Distinct from the pulmonary circulation, the human respiratory mucosa is supplied by highly responsive, superficial, systemic microcirculations. In the early symptomatic phase of mucosal infections, circulating peptides-proteins of all sizes are released just beneath the epithelium and will soon appear on the mucosal surface. The traditional view is that mucosal injury must be involved in this plasma exudation process. However, well-controlled human in vivo observations demonstrate that the inflammatory plasma exudation response reflects non-injurious physiologic microvascular-epithelial cooperation. Crucially, although plasma exudation brings unfiltered plasma solutes without size restriction to the mucosal surface this occurs without reducing the protective epithelial barrier against inhaled molecules. Plasma exudation starts early and increases until viral or bacterial infections resolve. Plasma exudation therefore has the potential to slow down, or even prevent, progression to pneumonia and beyond. Plasma exudation would boost efficacy of a mature adaptive immunity by delivering circulating pathogen-neutralising antibodies undiluted to infection spots in the upper airways. Early mucosal infections would thus be dampened and development of lower airway infections prevented. Inferentially, this explains how treatment with vaccines still allows upper airway infections but prevent severe respiratory disease with alveolar and pulmonary circulation injury. Plasma exudation may also contribute to real-life protection against severe influenza/Covid-19 in airway mucosal diseases that exhibit plasma exudation hyperresponsiveness. Such hyperresponsiveness is inducible indicating feasibility of finding future treatments that increase the mucosal innate and adaptive immunity. Altogether, the present synthesis of literature suggests that plasma exudation is an important component of human respiratory mucosal antimicrobial immunity.

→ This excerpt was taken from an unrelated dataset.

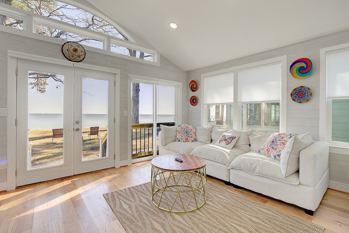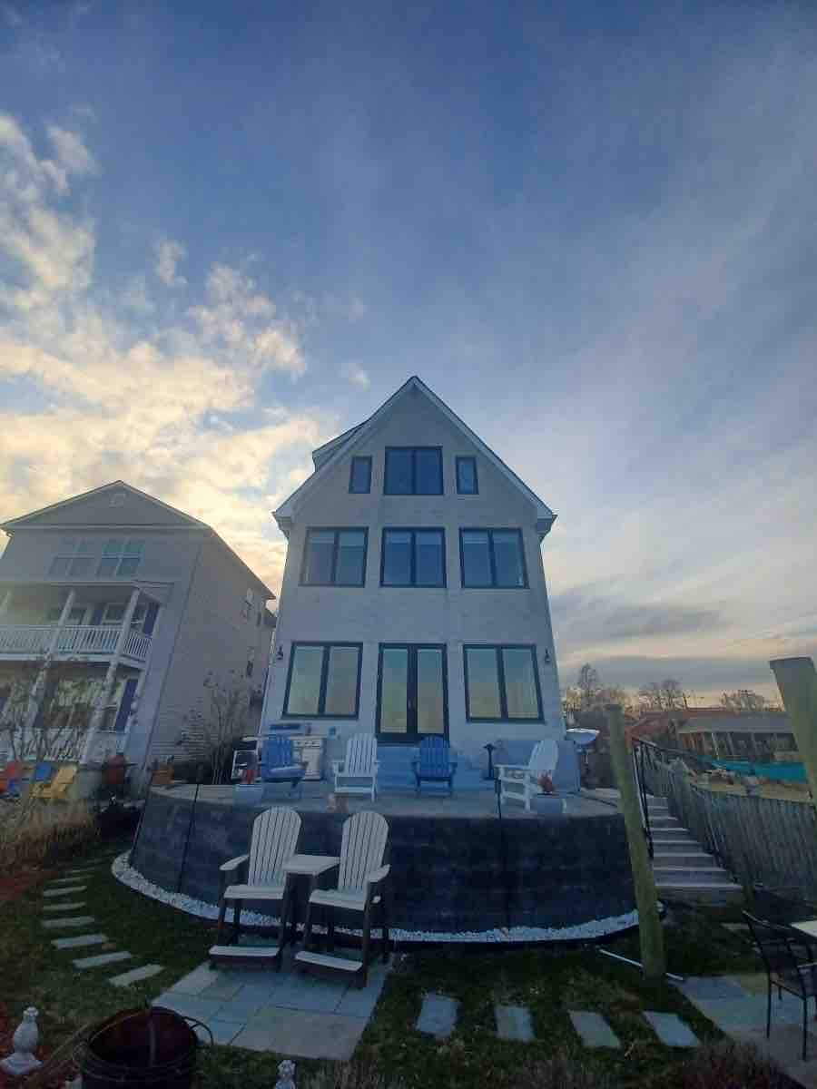 A spectacular, spacious 2 bed, 2.5 bath, pet friendly, waterfront home with stunning, unobstructed views located directly on the Chesapeake Bay. Short walk to beach and pier and several bars and restaurants. A large gourmet kitchen provides everything you'lli need. Workout on the in-house Peleton bike & treadmill. Two cruising bikes are yours to explore town or bike to dinner. Enjoy the private hot tub and 2 gas fireplaces. Solo stove on back deck. **Message host for add’l dates**

未稀释血浆蛋白的良好控制的粘膜渗出服务于先天和适应性免疫。
与肺循环不同,人的呼吸粘膜是由高度反应的、浅表的、全身的微循环供应的。在粘膜感染的早期症状期,各种大小的循环肽蛋白在上皮下被释放,并很快出现在粘膜表面。传统观点认为,这一血浆渗出过程必然涉及粘膜损伤。然而,控制良好的人体体内观察表明,炎症性血浆渗出反应反映了非损伤的生理性微血管-上皮合作。至关重要的是,尽管血浆渗出将未经过滤的无尺寸限制的血浆溶质带到粘膜表面,但这并不会降低对吸入分子的保护性上皮屏障。血浆渗出开始较早,并增加,直到病毒或细菌感染消退。因此,血浆渗出物有可能减缓甚至预防肺炎的发展。血浆渗出可将循环中未稀释的病原体中和抗体输送到上呼吸道的感染点,从而提高成熟适应性免疫的效力。因此,早期粘膜感染将受到抑制,并防止下呼吸道感染的发展。由此推断,这解释了为什么疫苗治疗仍然会导致上呼吸道感染,但却能预防肺泡和肺循环损伤的严重呼吸道疾病。血浆渗出物也可能有助于对表现出血浆渗出物高反应性的气道粘膜疾病的严重流感/Covid-19的现实保护。这种高反应性是可诱导的,这表明未来寻找增加粘膜先天免疫和适应性免疫的治疗方法是可行的。总之,目前综合文献表明,血浆渗出液是人类呼吸道黏膜抗菌免疫的重要组成部分。
本文章由计算机程序翻译,如有差异,请以英文原文为准。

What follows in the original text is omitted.